Избегая глядеть на неё, я сел на окно, рядом с ней… Да, поздно — вся пятиэтажная стена противоположных домов темна. Окна там чернеют, как слепые глаза. Я заглянул вниз, — узкий и глубокий коридор улицы тоже темен и пуст. И так во всём городе. Только бледный сияющий месяц, слегка наклонённый, катится и в то же время остаётся недвижимым среди дымчатых бегущих облаков, одиноко бодрствуя над городом. Он глядел мне прямо в глаза, светлый, но немного на ущербе и оттого — печальный. Облака дымом плыли мимо него. Около месяца они были светлы́ и таяли, дальше сгущались, а за гребнем крыш проходили уже совсем угрюмой и тяжёлой грядой…

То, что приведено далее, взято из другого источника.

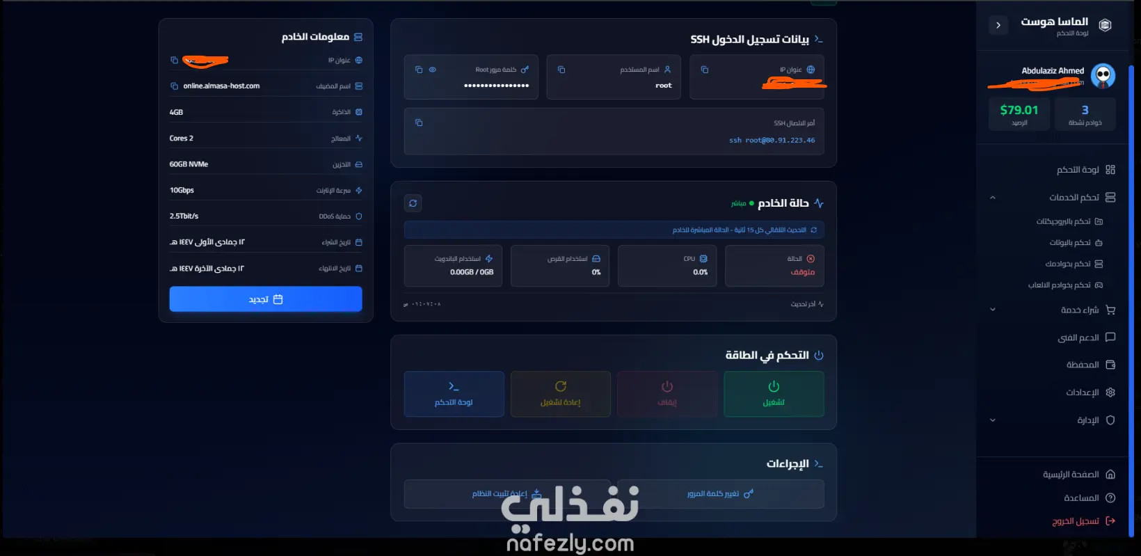 موقع إلكتروني يتيح شراء استضافات و خوادم vps, rdp ربط بوابة دفع للشراء تلقائيا لوحة العميل للتحكم بخدماته بالكامل

Давно не видал я месячной ночи! И вот мысли мои опять возвратились к далёким, почти забытым осенним ночам, которые видел я когда-то в детстве, среди холмистой и скудной степи средней России. Там месяц глядел под мою родную кровлю, и там впервые узнал и полюбил я его кроткое и бледное лицо. Я мысленно покинул Париж, и на мгновение померещилась мне вся Россия, точно с возвышенности я взглянул на огромную низменность. Вот золотисто-блестящая пустынная ширь Балтийского моря. Вот — хмурые страны сосен, уходящие в сумрак к востоку, вот — редкие леса, болота и перелески, ниже которых, к югу, начинаются бесконечные поля и равнины. На сотни вёрст скользят по лесам рельсы железных дорог, тускло поблёскивая при месяце. Сонные разноцветные огоньки мерцают вдоль путей и один за другим убегают на мою родину. Передо мной слегка холмистые поля, а среди них — старый, серый помещичий дом, ветхий и кроткий при месячном свете… Неужели это тот же самый месяц, который глядел когда-то в мою детскую комнату, который видел меня потом юношей и который грустит теперь вместе со мной о моей неудавшейся молодости? Это он успокоил меня в светлом царстве ночи…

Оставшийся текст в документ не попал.